I'm trying to see how I can apply these principles to a Rscript I have that converts my raw BAM file to a coverage file? The full script can be looked at here but the main lines I'm looking at are:
aln <- as(aln, "GRanges") # Converts each read mapping to GRanges coord
aln <- resize(aln, 150) # Extended the reads to the fragment length (4 previous exp)
cov <- coverage(aln) # Get Coverages nucleotide
The definitions for extsize and shift can be seen in the documentation but I'll copy it for reference.
While '--nomodel' is set, MACS uses this parameter to extend reads in 5'->3' direction to fix-sized fragments. For example, if the size of binding region for your transcription factor is 200 bp, and you want to bypass the model building by MACS, this parameter can be set as 200. This option is only valid when --nomodel is set or when MACS fails to build model and --fix-bimodal is on.

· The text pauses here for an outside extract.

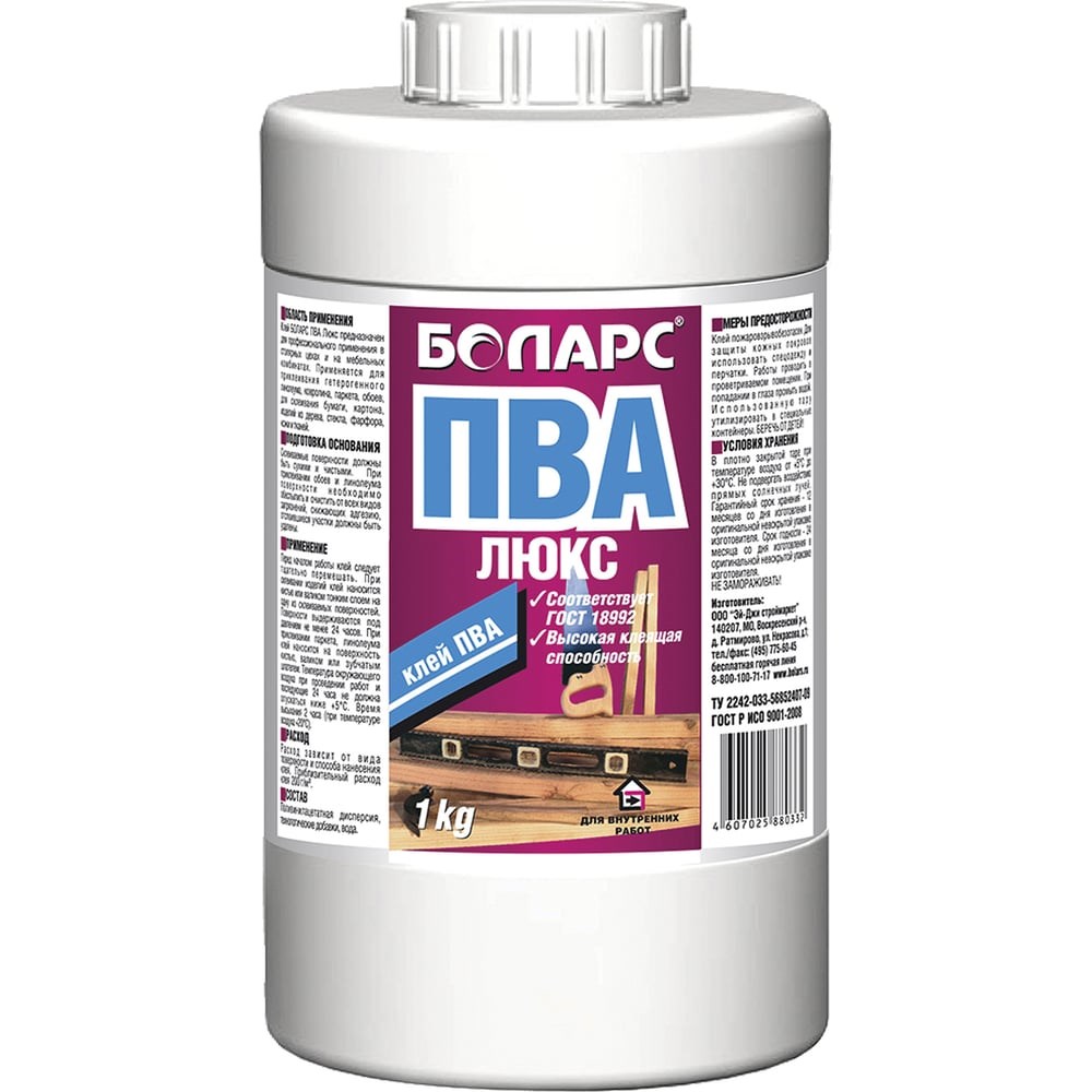 Клей ПВА БОЛАРС ЛЮКС 1 кг 00000007718 - это профессиональный клей, незаменимый в столярных цехах и на мебельных производствах. Отличается повышенной прочностью и высыхает всего за 2 часа. Состав имеет широкую сферу применения. Служит для надежного приклеивания ковролина, паркета, гетерогенного линолеума, обоев, а также для склеивания картона, бумаги, тканей, кожи, изделий из стекла и фарфора. Продукт соответствует ГОСТ Р ИСО 9001-2008.

Note, this is NOT the legacy --shiftsize option which is replaced by --extsize! You can set an arbitrary shift in bp here. Please Use discretion while setting it other than default value (0). When --nomodel is set, MACS will use this value to move cutting ends (5') then apply --extsize from 5' to 3' direction to extend them to fragments. When this value is negative, ends will be moved toward 3'->5' direction, otherwise 5'->3' direction. Recommended to keep it as default 0 for ChIP-Seq datasets, or -1 * half of EXTSIZE together with --extsize option for detecting enriched cutting loci such as certain DNAseI-Seq datasets. Note, you can't set values other than 0 if format is BAMPE or BEDPE for paired-end data. Default is 0.
Here are some examples for combining --shift and --extsize:
EXAMPLE 1: To find enriched cutting sites such as some DNAse-Seq datasets. In this case, all 5' ends of sequenced reads should be extended in both direction to smooth the pileup signals. If the wanted smoothing window is 200bps, then use '--nomodel --shift -100 --extsize 200'.
So to summarize my question is how should I resize my raw reads so that the coverage will reflect the --shift and --extsize used by MACS2? From reading the documentation it seems I should shift the reads 100 bp in both directions because it is extending the reads 200 bp 5' -> 3' (--extsze) and back 100 bp with (--shift).
You'll need to endoapply() a function that does the shift() according to the strand, since that's otherwise ignored. Then resize(aln, 200). Alternatively, use idx = which(strand(aln) == '+') for each strand and directly adjust the start accordingly (then resize()).